The son of a psychologist and an orthodontist graduated from high school in 1987 in Freiburg im Breisgau. From 1989 to 1997 he studied history and Romance studies at the Ruprecht-Karls-Universität Heidelberg . From 1994 to 1995 he obtained the “Diplôme Européen d'Etudes Médiévales” at the Biblioteca Apostolica Vaticana in Rome. In 1997 he passed the state examination for higher teaching qualifications at grammar schools.

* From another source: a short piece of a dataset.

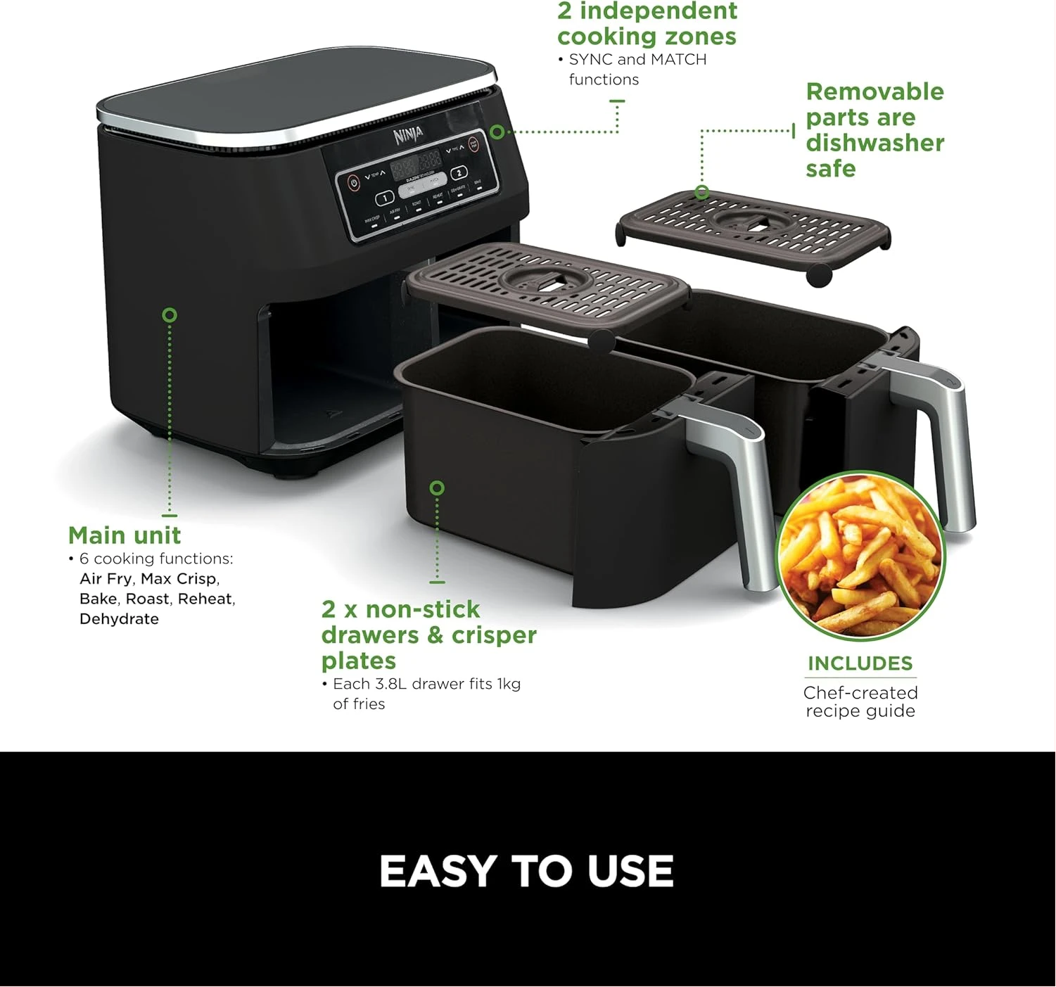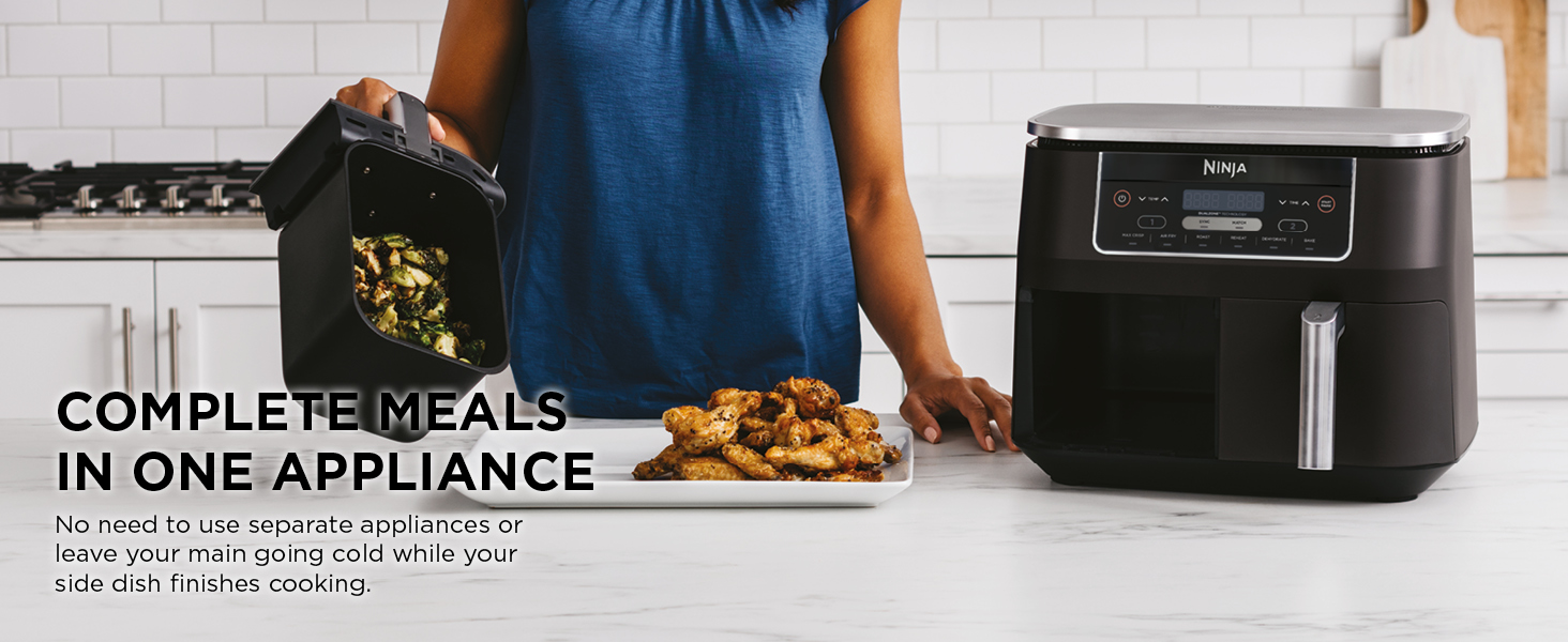 Key Features: Ninja Foodi 7.6L Dual Zone Digital Air Fryer, 2 Drawers, 6-in-1, Air Fry, Max Crisp, Roast, Bake, Dehydrate, Cooks 4-6 Portions, Non-Stick, Dishwasher Safe Baskets, Black, AF300ME, 2 Years Warranty. ENERGY-SAVING: Save up to 75% on your oven energy bill* (*testing and calculations based on recommended cook time for sausages, using air fry function versus conventional ovens). 2 INDEPENDENT COOKING ZONES: Cook 2 foods, 2 ways, both ready at the same time. Use different functions, times and temps in each drawer to create complete meals in one appliance, or cater to 2 tastes. 6 COOKING FUNCTIONS: Max Crisp, Air Fry, Roast, Bake, Reheat, Dehydrate. Cook from frozen to crispy. Up to 75% less fat* using the Air Fry function (*Tested against deep fried, hand-cut French fries). LARGE CAPACITY: Cook 4-6 portions. Each drawer fits up to 1kg of fries or a 1.6kg chicken. Cook up to 75% faster than fan ovens* (*Tested against fish fingers and sausages, including preheat). INCLUDES: Ninja Air Fryer, 2x Non-stick, dishwasher-safe 3.8L Drawers (7.6L total capacity) & Crisper Plates. Chef-Created Recipe Guide. Weight: 8.2kg. Colour: Black. DIMENSIONS: H31.5cm x W38cm x D26.5cm. 2-year guarantee upon registration with Ninja .

In the 2001/2002 winter semester he received his doctorate in Heidelberg with a study on canonization procedures in the European late Middle Ages, supervised by Jürgen Miethke and Stefan Weinfurter . From 2002 to 2006 he worked at the Max Planck Institute for European Legal History in Frankfurt am Main. From 2003 to 2006 Wetzstein was a lecturer for medieval history at the Ruprecht-Karls-Universität Heidelberg and from 2007 to 2009 a research assistant at Weinfurter. His habilitation followed with a thesis on communication spaces in the European High Middle Ages. Wetzstein was a substitute professor for Medieval History in the summer semester 2011 at the University of Freiburg im Breisgau , in the winter semester 2011/12 to the summer semester 2012 at the Catholic University of Eichstätt-Ingolstadt and in the winter semester 2012/13 for Medieval History at the University of Rostock. In 2013 he accepted a call for a W3 professorship at the University of Rostock and was appointed university professor for the history of the Middle Ages. A year later he accepted a professorship for Medieval History at the Catholic University of Eichstätt-Ingolstadt, where he has been teaching since the 2015 summer semester.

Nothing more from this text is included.